Heptageniid mayflies, pleurocerid snails, plenty of caddies, and even a darter!


This darter's a bit less cryptic; it's a male Rainbow Darter (Etheostoma caeruleum), not yet in full nuptial dress. There's also a small, out-of-focus sculpin.


A larger, slightly less blurry sculpin. This is the Banded Sculpin (Cottus carolinae).


A school of algae-grazing minnows - Largescale Stonerollers (Campostoma oligolepis).



Newt

This is one of a pair of Muskrats (Ondatra zibethicus) who came surprisingly close to me.


But not as close as this female redhorse, who came right up to my foot. She was one of several redhorses at the mouth of the creek.


And here's a male, showing off his tubercles. I think these are Golden Redhorses (Moxostoma erythrurum)


Here's a darter pretending it's a loach: the Logperch (Percina caprodes). This guy confused me - the pattern is much different from the normal logperch tiger-striping - but according to the Fishes of Tennessee this is typical night-time patterning for this fish.


Are you sick of American Toad pictures yet? Too bad!

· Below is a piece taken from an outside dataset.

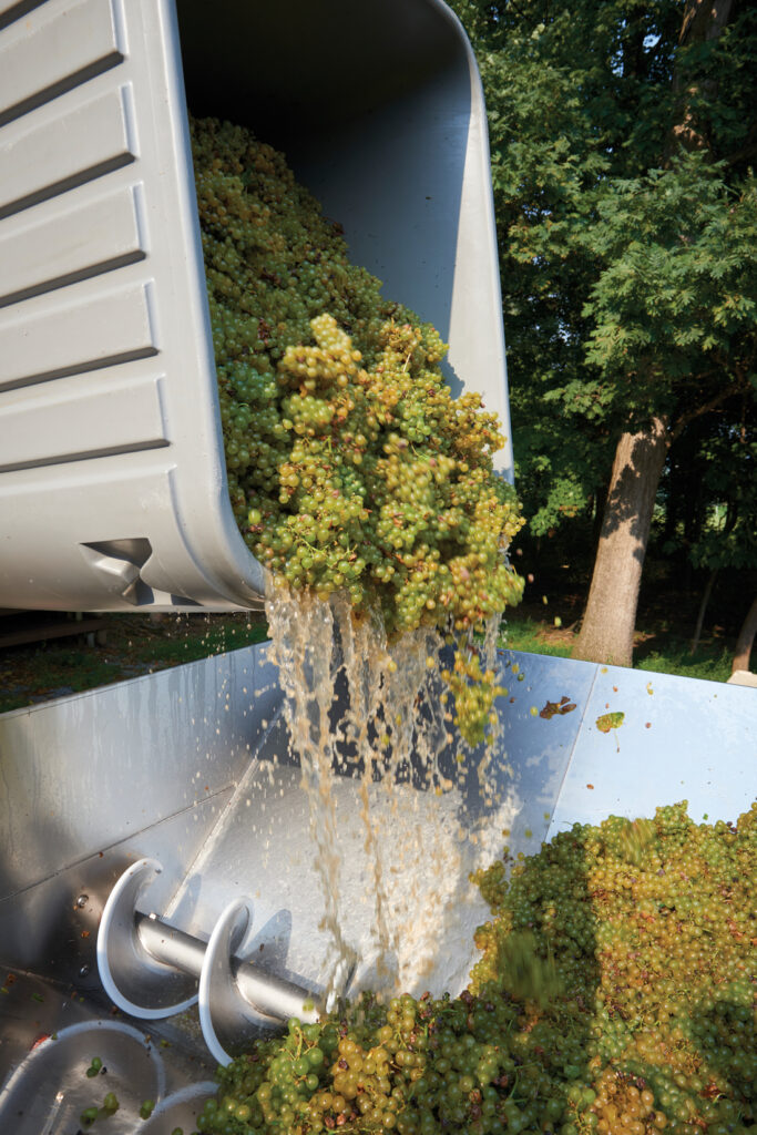 In 2021, Sémillon grapes were a bumper crop for Waltz, thanks to a narrowly averted disaster. In mid-September, the soil was saturated after two heavy rainstorms, pushing the grapes on the vine to the brink of bursting. The remnants of Hurricane Ida illuminated the weather radar and would soon unleash an immense volume of rain over Lancaster County. If the Sémillon grapes had to endure yet another heavy rain at the end of the season, the berries would burst on the vine, spoiling the crop.

In a shallow, turbid, pollen-scummed pool in an ATV track: Green Frog (Lithobates clamitans).


Ranid frog eggs (probably Southern Leopard Frog, Lithobates sphenocephalus).


Spotted Salamander (Ambystoma maculatum) eggs.




Doug Watson

#379
Quote from: Newt on March 25, 2015, 06:38:22 PM
I went for a nocturnal wade down a little creek that feeds into the Tennessee River.
Can you spot the salamander? It's a larval Southern Two-lined Salamander (Eurycea cirrigera). If that's too easy for you, try counting the caddisflies.

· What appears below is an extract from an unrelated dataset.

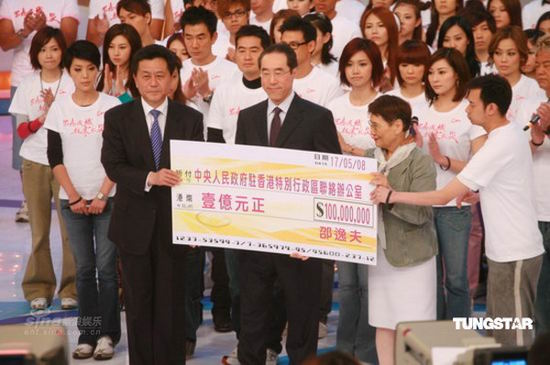 四川汶川地震,邵逸夫爵士夫妇捐款1亿港币,四川雅安地震又捐款8000万人民币。

Wow, you could do a nature show just from that creek or is it crick. That is what I love about the South and the semi south the sheer volume of wildlife. Great shots.
Yes I saw the salamander and I count 6 caddisfly larva.

I have only seen Rainbow Darters in books we have them up here near Lake Ontario and the St Lawrence but I haven't been lucky enough to see one live yet. That one would look good in an aquarium. I used to have other darters, killifish, mudminnows, log perch and sticklebacks and crayfish in an aquarium that I caught in the Ottawa river and some creeks but that was a long time ago.

I haven't spotted amphibian eggs in years.